- Your objective
Go to the line below that contains "悩み箇所・症状: 腰痛 腰1回目から腰が痛くなくなって嬉しかったです。". From there to the end of the records, reproduce each line exactly, except the pictures.

Stored data:
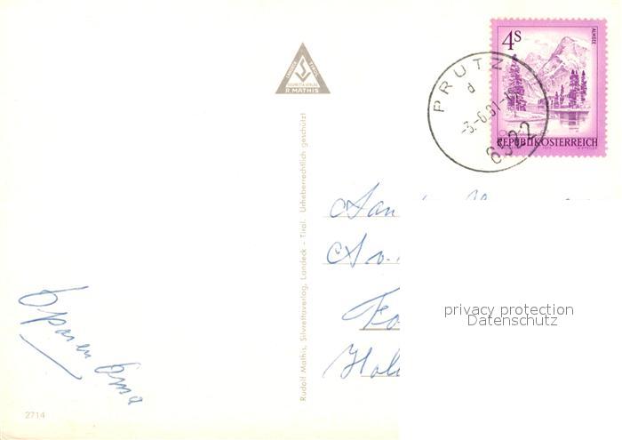 73063204 alte Postkarte Ladis Ortsansicht mit Kirche Burg Wasserspiegelung Alpenpanorama postalisch gelaufen Erhaltung siehe scans [FriedD77] KatCode: 11390334070613
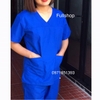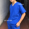 Bộ scrubs quần áo blouse cổ tim nam nữ màu xanh dương đậm - bộ đồng phục cổ tim bác sĩ, thẩm mỹ viện, spa
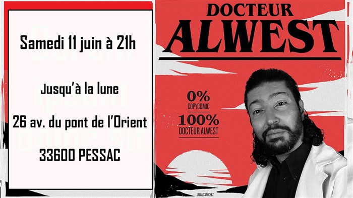 A l'heure ou de nombreux humoristes ultra médiatisés se font prendre par la chaîne YouTube Copycomic pour vol de vannes dans leurs spectacles, le Docteur Alwest est l'un des rares humoristes qui écrit seul ses textes sans avoir recours à ce genre de tromperie envers le public.
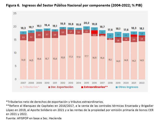 En este contexto, el manejo de los recursos del SPN en los últimos años ha estado signado por la imposición de distintas medidas de carácter extraordinario. Haciendo un breve racconto desde 2016 a esta parte, se pueden destacar el Blanqueo de Capitales en 2016/2017, el registro de ingresos por la asignación de DEGs del FMI en 2021, el Aporte Solidario en ese mismo año, la importancia de las rentas de la propiedad producto de la emisión primaria de bonos CER en 2021 y 2022[3] -registradas por arriba de la línea-, las ventas de empresas públicas[4] y transferencias del FGS (Fondo de Garantía de Sostenibilidad) de la ANSES para financiar la Reparación Histórica en 2019, entre otros.
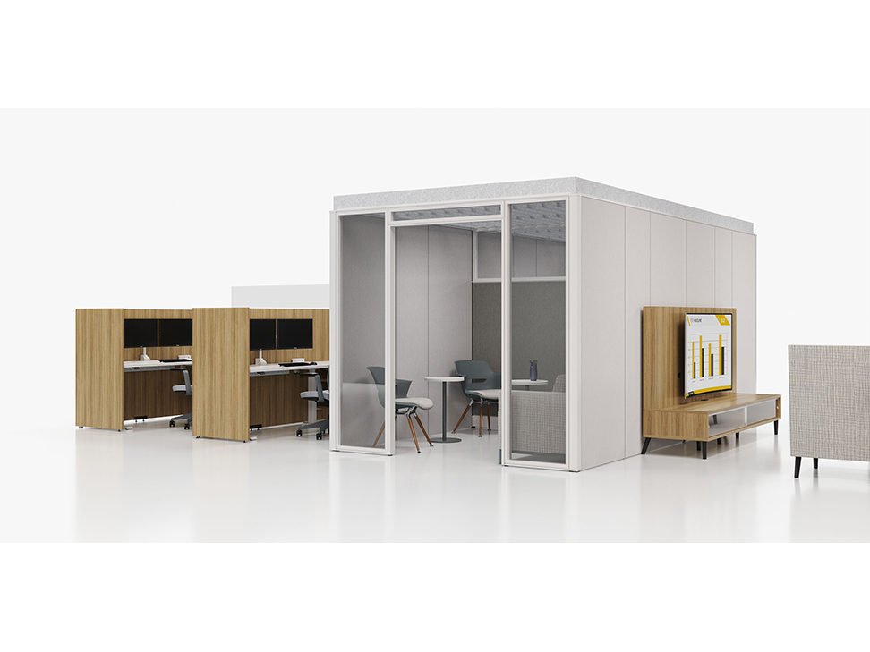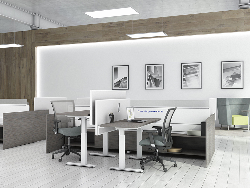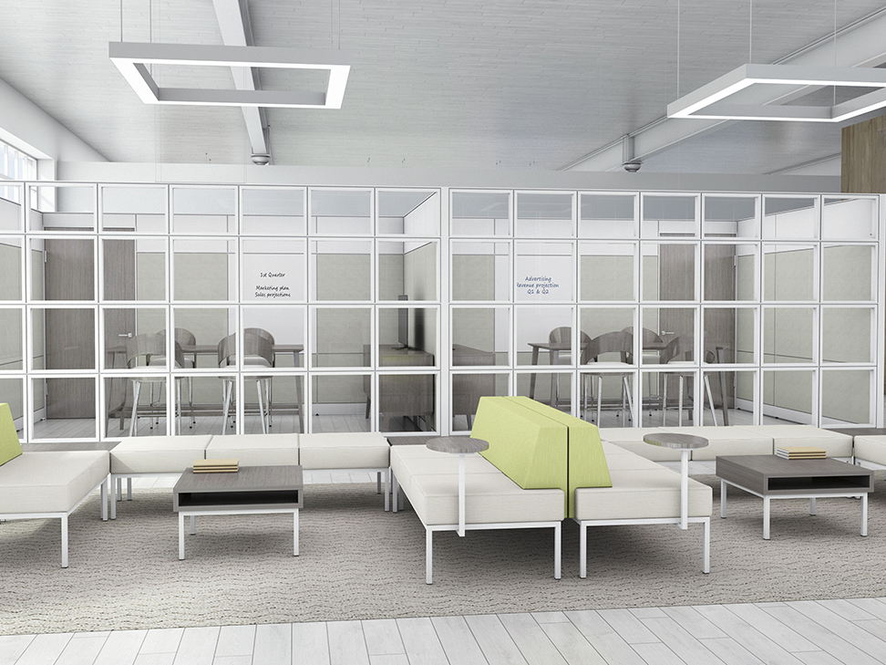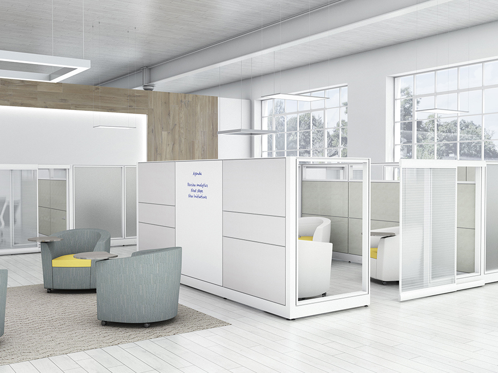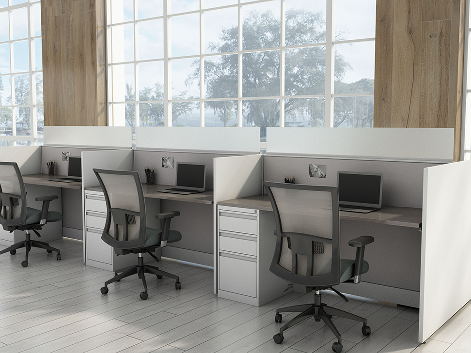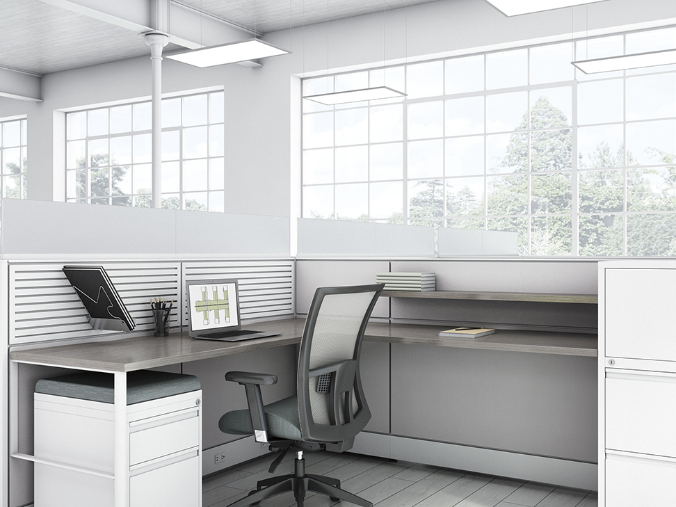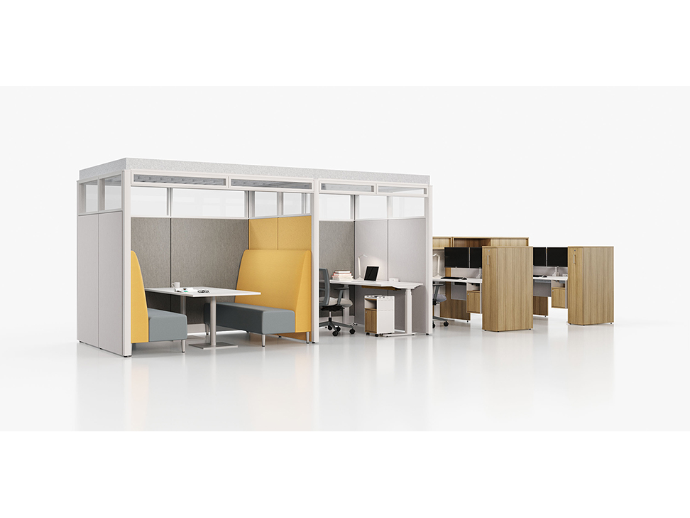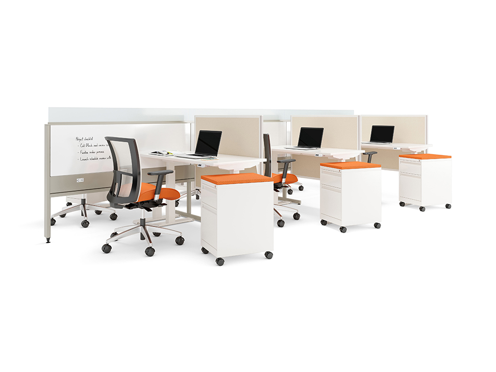Evolve provides the backbone to building complete office landscapes. Stackable panels shape space without relying on existing walls. Fabric, laminate, metal and glass finish options support varying privacy, acoustical and aesthetic requirements.
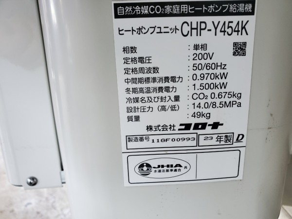 いの町 コロナ自然冷媒CO2家庭用ヒートポンプ給湯機ヒートポンプユニットCHP-Y454K エコキュート交換工事
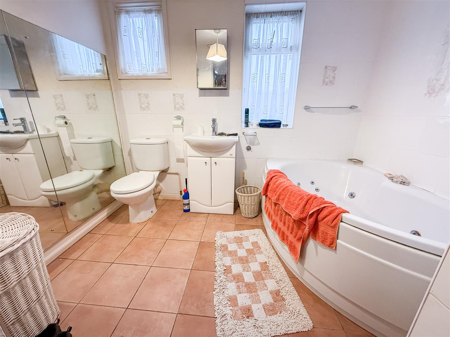 Fitted with a three piece white suite comprising corner jacuzzi panelled bath. Vanity wash hand basin with cupboards below. Low level W.C. Fully tiled walls. Tiled effect flooring. Built in double airing cupboard. Two double glazed windows to rear.
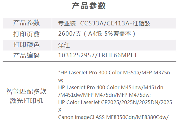 商品名称:天威 CE413 通用硒鼓 红色 专业装 适用HP CC533A CE413A 2025 2025DN 2025N 351a 451dn 451nw
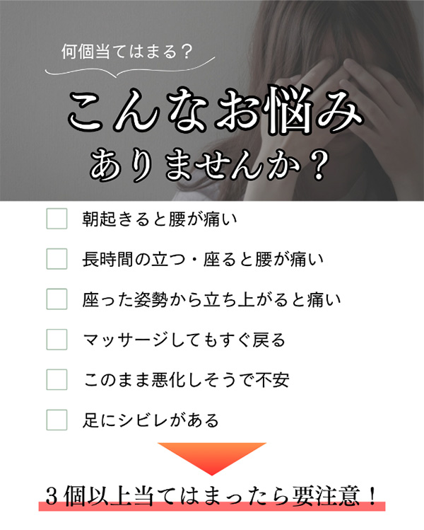 悩み箇所・症状: 腰痛 腰1回目から腰が痛くなくなって嬉しかったです。
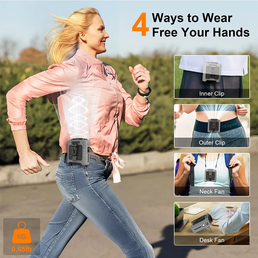 【Waist Fan/Neck Fan/Desk Fan 3 in 1】: It's a portable USB fan with a multifunction - waist clip on fan, necklace fan, desk fan. When you work outside or for outdoor activities, take this portable fan and you'll get all the necessities.
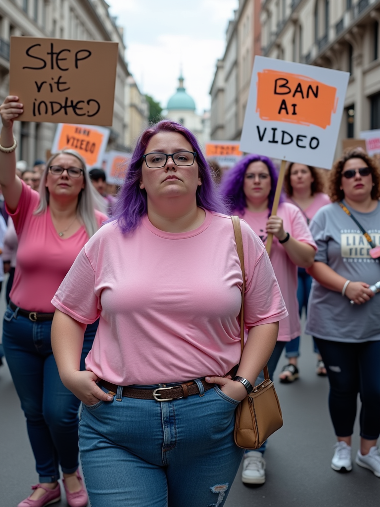 group of obese fat protesters in casual clothes with purple hair holding signs "ban ai video"
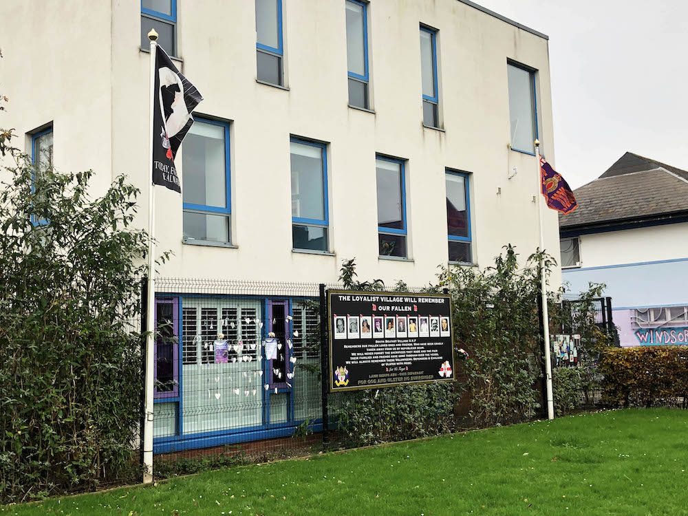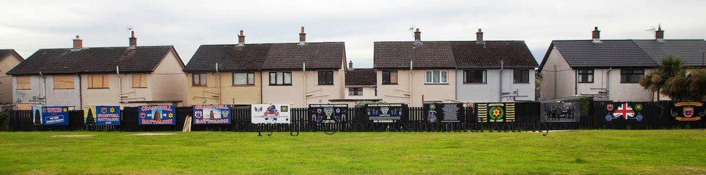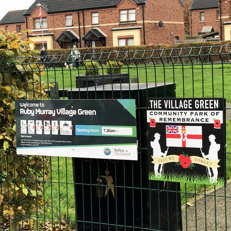 Part of the most recent development of the upper streets in the Village was not to rebuild the two rows of houses on Ebor and Nubia/Moltke streets and in their place construct a park – the Village Green, and now officially the “Ruby Murray Village Green” – and playground. The board on the outside railings make the park a “community park of remembrance” for WWI, showing an Ulster Banner with a Union Flag in the canton. (Seen previously in The Village Green Preservation Society.)

- Written response
 悩み箇所・症状: 腰痛 腰1回目から腰が痛くなくなって嬉しかったです。
 【Waist Fan/Neck Fan/Desk Fan 3 in 1】: It's a portable USB fan with a multifunction - waist clip on fan, necklace fan, desk fan. When you work outside or for outdoor activities, take this portable fan and you'll get all the necessities.
 group of obese fat protesters in casual clothes with purple hair holding signs "ban ai video"
 Part of the most recent development of the upper streets in the Village was not to rebuild the two rows of houses on Ebor and Nubia/Moltke streets and in their place construct a park – the Village Green, and now officially the “Ruby Murray Village Green” – and playground. The board on the outside railings make the park a “community park of remembrance” for WWI, showing an Ulster Banner with a Union Flag in the canton. (Seen previously in The Village Green Preservation Society.)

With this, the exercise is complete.